TASK GOAL:
Every entry gets copied exactly. No images go into the copy.

ENTRIES SUPPLIED:
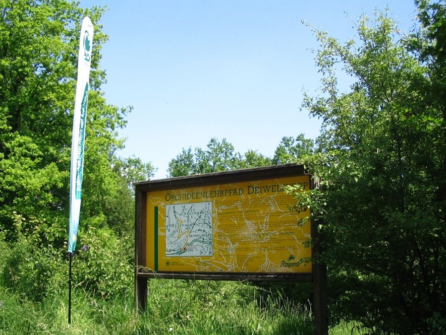 The hiking trail starts at the school and sports complex near the village of Born. At the beginning of the path is a geological barefoot trail "Salzmännchegaart". The ascent to Wangertbierg is rewarded with wide views over the village of Born and the Sauer valley. Then the path leads along regionally typical orchards and dry stone walls into a forest area. The path passes rocks and dry grassland above the village of Moersdorf. Here the path runs together with the orchid nature trail of the Fondatioun "Hellef Fir D ́-Natur". Then it goes back down to Born.
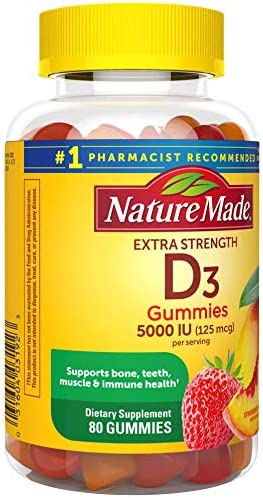 Nature Made Extra Strength Vitamin D 5000 IU per two gummies supports bone health, teeth health, muscle health, and provides immune support
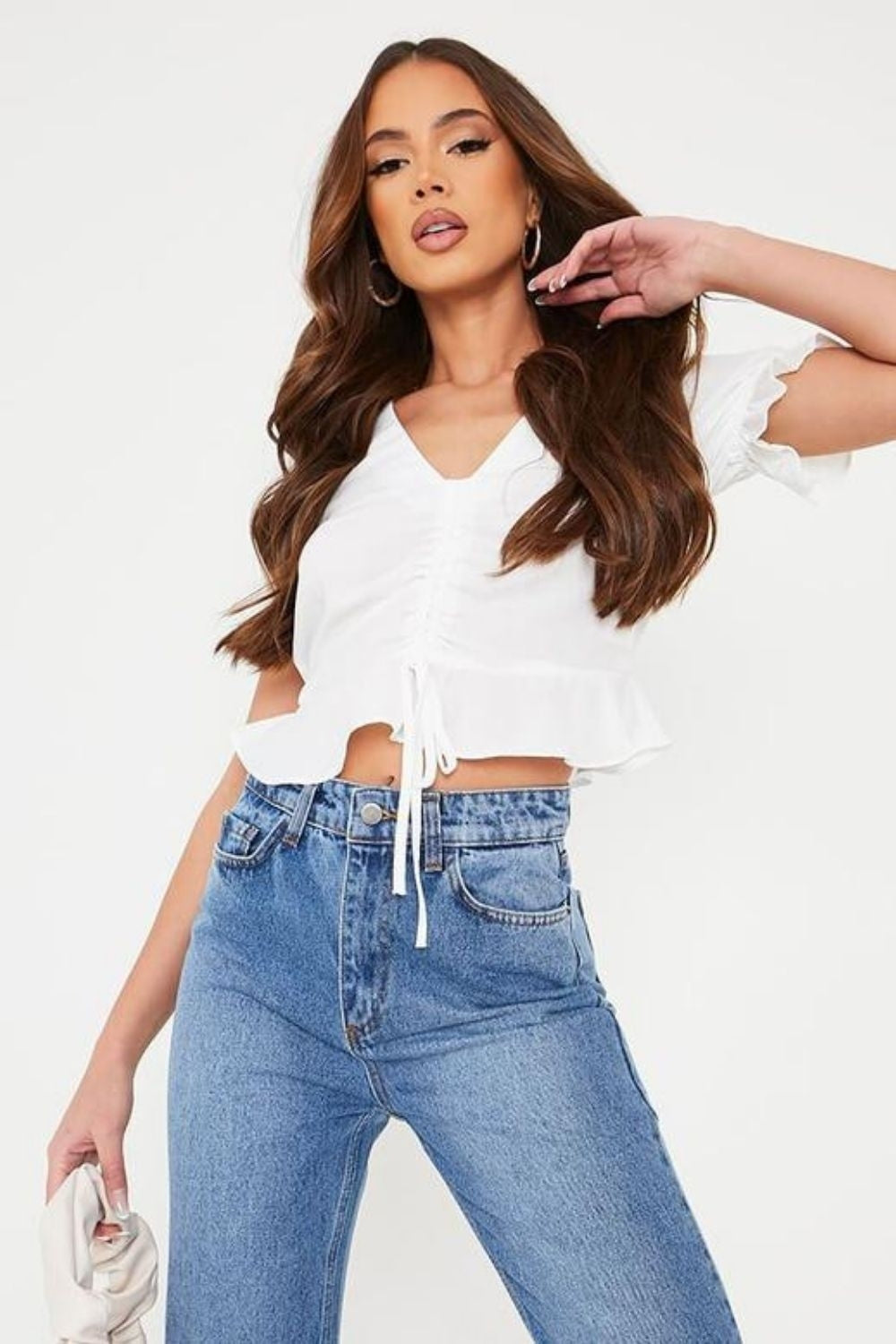 Type- Frilled Hem White V neck Top
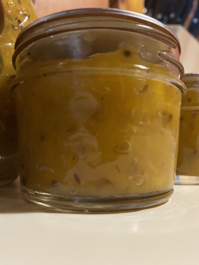 My last comment is that the taste, from what I sucked off the spoon since I had none to spare, was…lackluster. That is not surprising with a canning recipe. They usually don’t taste as good fresh as after canned and let sit for 2-3 months. I have a suspicion that overall the salt/sugar amounts provide a good base for the spices. But the spices definitely need longer than the 15-minute cook time to infuse themselves with the mango.
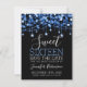 Blue & Black Sweet 16 Birthday Sparkly String Lights "Save the Date" announcement template.
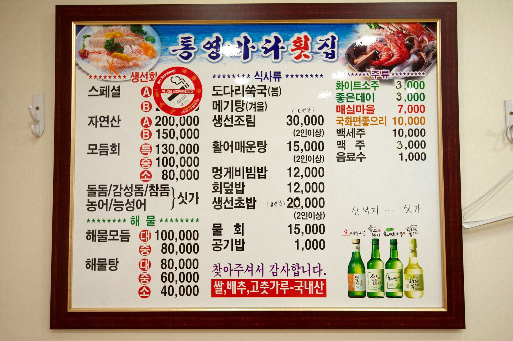 식당 외부는 바닷가에서 흔히 볼 수 있는 수많은 횟집 중 하나일지모르지만,
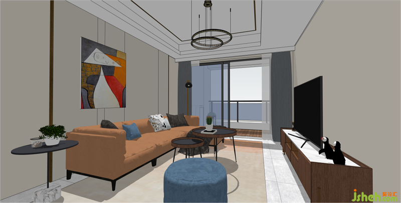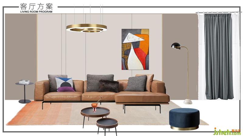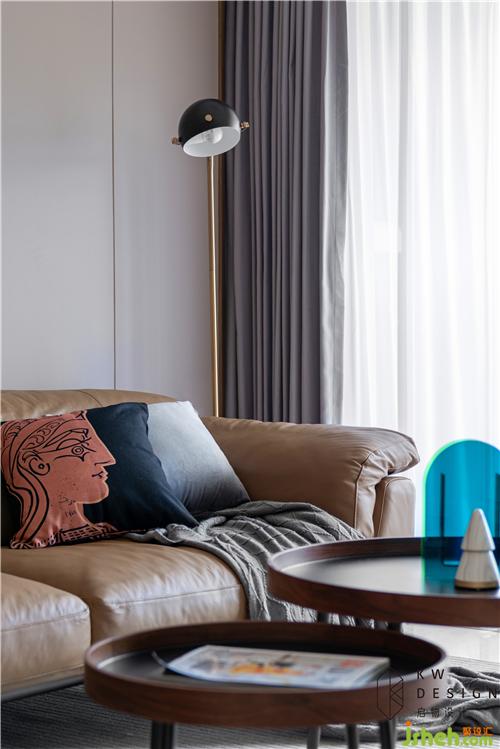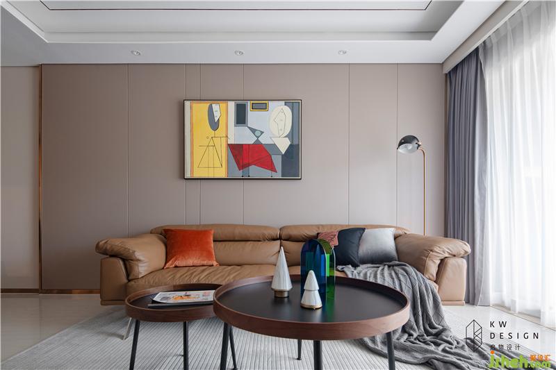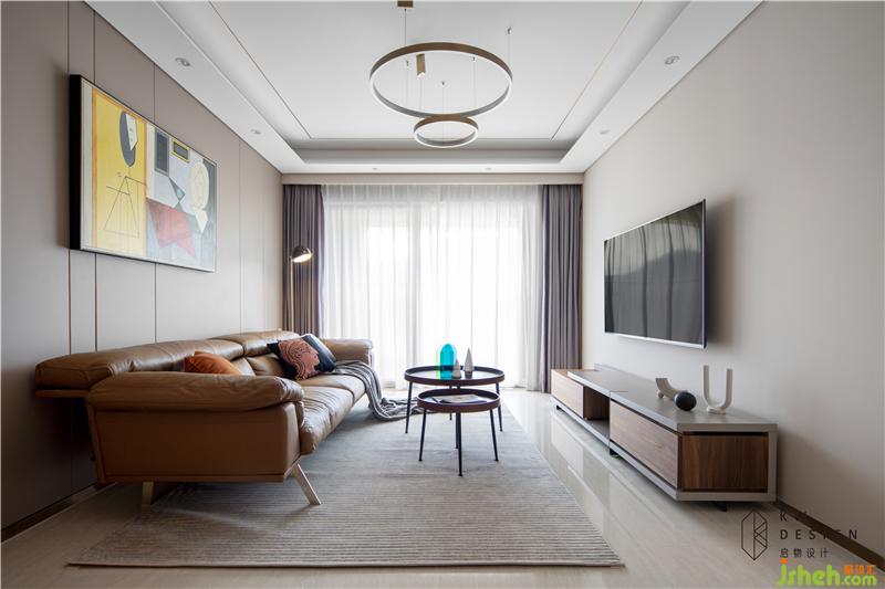 软装方案:室内设计师结合轻奢和简约风格元素,搭配简约轻巧型家具。棕橙色皮质沙发,上下呼应的大小圆形组合拼接的吊灯和茶几,极简线条金属落地灯,搭配素色窗帘和地毯,使整个空间灵动活泼。

YOUR SOLUTION:
 The hiking trail starts at the school and sports complex near the village of Born. At the beginning of the path is a geological barefoot trail "Salzmännchegaart". The ascent to Wangertbierg is rewarded with wide views over the village of Born and the Sauer valley. Then the path leads along regionally typical orchards and dry stone walls into a forest area. The path passes rocks and dry grassland above the village of Moersdorf. Here the path runs together with the orchid nature trail of the Fondatioun "Hellef Fir D ́-Natur". Then it goes back down to Born.
 Nature Made Extra Strength Vitamin D 5000 IU per two gummies supports bone health, teeth health, muscle health, and provides immune support
 Type- Frilled Hem White V neck Top
 My last comment is that the taste, from what I sucked off the spoon since I had none to spare, was…lackluster. That is not surprising with a canning recipe. They usually don’t taste as good fresh as after canned and let sit for 2-3 months. I have a suspicion that overall the salt/sugar amounts provide a good base for the spices. But the spices definitely need longer than the 15-minute cook time to infuse themselves with the mango.
 Blue & Black Sweet 16 Birthday Sparkly String Lights "Save the Date" announcement template.
 식당 외부는 바닷가에서 흔히 볼 수 있는 수많은 횟집 중 하나일지모르지만,
 软装方案:室内设计师结合轻奢和简约风格元素,搭配简约轻巧型家具。棕橙色皮质沙发,上下呼应的大小圆形组合拼接的吊灯和茶几,极简线条金属落地灯,搭配素色窗帘和地毯,使整个空间灵动活泼。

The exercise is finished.